§ INSTRUCTIONS TO FOLLOW:
For this exercise, return only the lines in the records below from the one holding "O convite para" through the one holding "As shown in", including both, exactly as they appear and without pictures.

§ SOURCE MATERIAL:
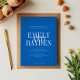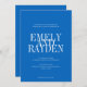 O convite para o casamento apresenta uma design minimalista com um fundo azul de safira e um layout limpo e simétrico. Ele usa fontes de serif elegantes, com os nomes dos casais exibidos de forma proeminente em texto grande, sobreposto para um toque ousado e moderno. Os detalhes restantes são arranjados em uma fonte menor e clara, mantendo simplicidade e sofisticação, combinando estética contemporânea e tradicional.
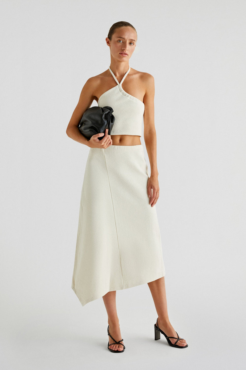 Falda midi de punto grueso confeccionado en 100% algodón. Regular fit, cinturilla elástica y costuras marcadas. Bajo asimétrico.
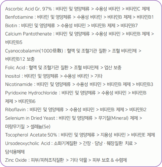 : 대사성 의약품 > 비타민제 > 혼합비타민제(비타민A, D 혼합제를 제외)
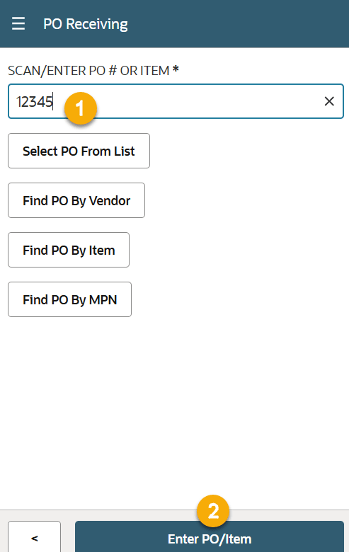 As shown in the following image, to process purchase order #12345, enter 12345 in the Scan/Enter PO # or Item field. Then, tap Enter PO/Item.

...

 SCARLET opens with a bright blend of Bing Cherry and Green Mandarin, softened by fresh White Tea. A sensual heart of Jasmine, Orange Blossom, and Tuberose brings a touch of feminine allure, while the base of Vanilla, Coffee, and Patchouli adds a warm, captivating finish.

---

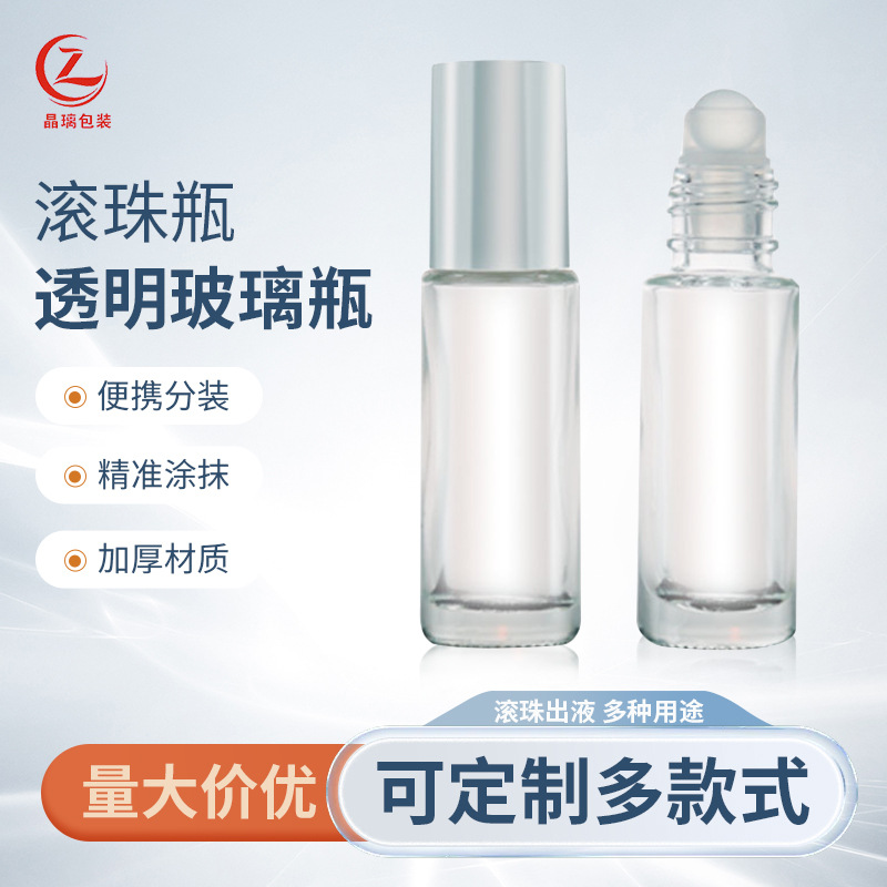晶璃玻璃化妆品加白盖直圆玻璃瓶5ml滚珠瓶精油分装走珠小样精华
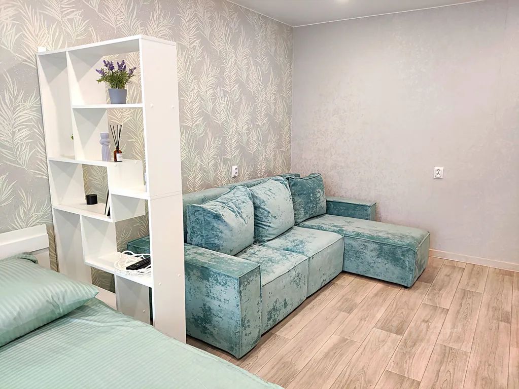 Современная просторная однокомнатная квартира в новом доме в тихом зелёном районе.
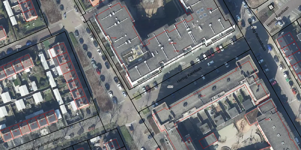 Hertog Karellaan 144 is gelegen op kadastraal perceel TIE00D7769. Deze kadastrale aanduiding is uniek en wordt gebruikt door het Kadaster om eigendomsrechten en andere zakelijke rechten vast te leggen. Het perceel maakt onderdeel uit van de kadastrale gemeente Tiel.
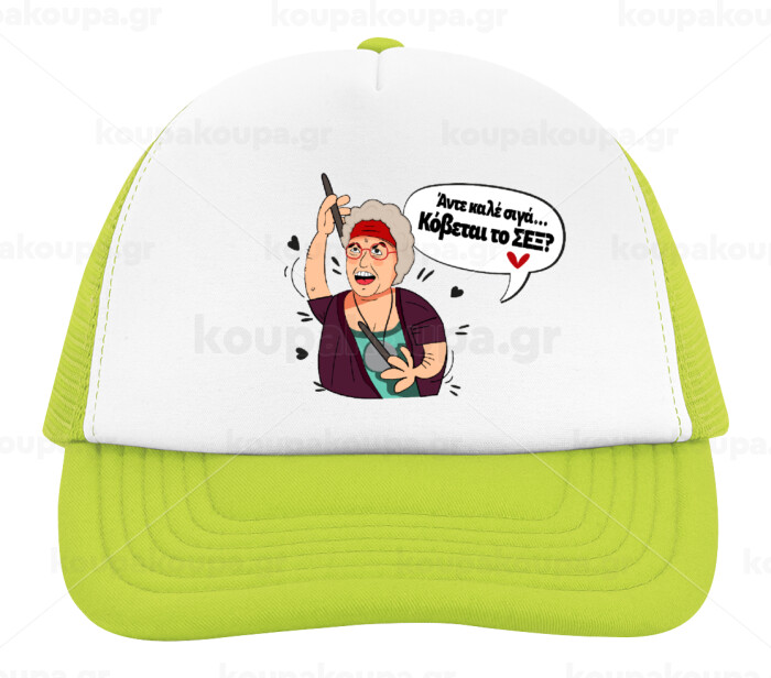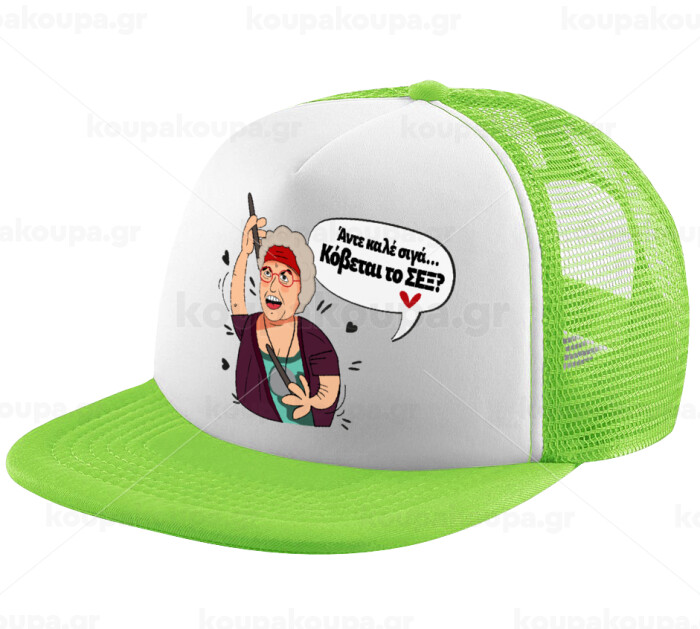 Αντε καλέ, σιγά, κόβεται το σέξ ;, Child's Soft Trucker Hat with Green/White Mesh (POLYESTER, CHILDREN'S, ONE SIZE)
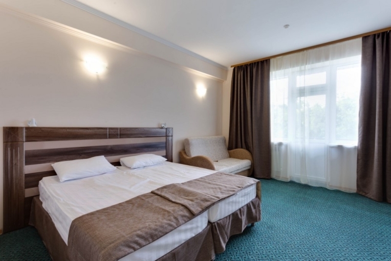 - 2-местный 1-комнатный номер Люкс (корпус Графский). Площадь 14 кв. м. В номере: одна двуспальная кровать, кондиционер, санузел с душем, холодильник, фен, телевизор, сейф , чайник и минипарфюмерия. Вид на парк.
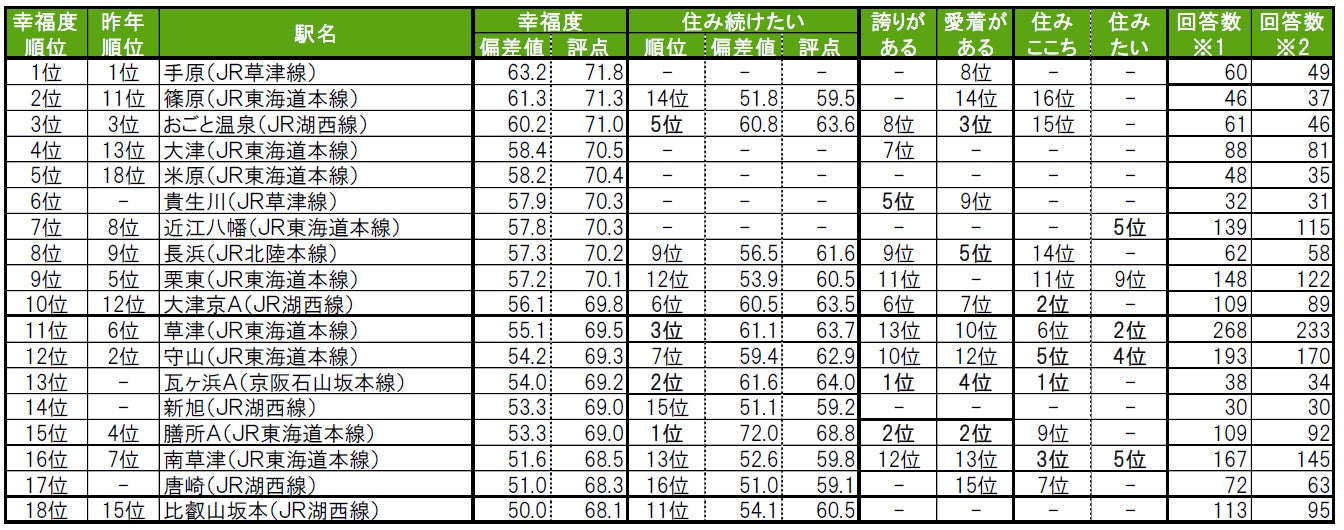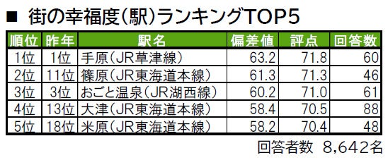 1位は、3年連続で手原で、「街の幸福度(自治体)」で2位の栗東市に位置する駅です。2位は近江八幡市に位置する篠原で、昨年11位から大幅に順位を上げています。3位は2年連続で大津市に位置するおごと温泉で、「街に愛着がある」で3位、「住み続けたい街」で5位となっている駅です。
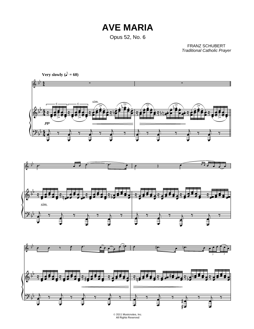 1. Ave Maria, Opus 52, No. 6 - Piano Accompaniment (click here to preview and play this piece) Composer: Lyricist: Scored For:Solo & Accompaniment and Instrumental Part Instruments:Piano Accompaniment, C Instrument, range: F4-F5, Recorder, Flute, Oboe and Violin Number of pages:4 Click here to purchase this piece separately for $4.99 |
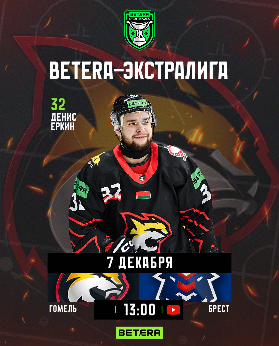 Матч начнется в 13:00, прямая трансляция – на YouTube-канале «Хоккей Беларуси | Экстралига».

§ REPLY TO THE EXERCISE:
 O convite para o casamento apresenta uma design minimalista com um fundo azul de safira e um layout limpo e simétrico. Ele usa fontes de serif elegantes, com os nomes dos casais exibidos de forma proeminente em texto grande, sobreposto para um toque ousado e moderno. Os detalhes restantes são arranjados em uma fonte menor e clara, mantendo simplicidade e sofisticação, combinando estética contemporânea e tradicional.
 Falda midi de punto grueso confeccionado en 100% algodón. Regular fit, cinturilla elástica y costuras marcadas. Bajo asimétrico.
 : 대사성 의약품 > 비타민제 > 혼합비타민제(비타민A, D 혼합제를 제외)
 As shown in the following image, to process purchase order #12345, enter 12345 in the Scan/Enter PO # or Item field. Then, tap Enter PO/Item.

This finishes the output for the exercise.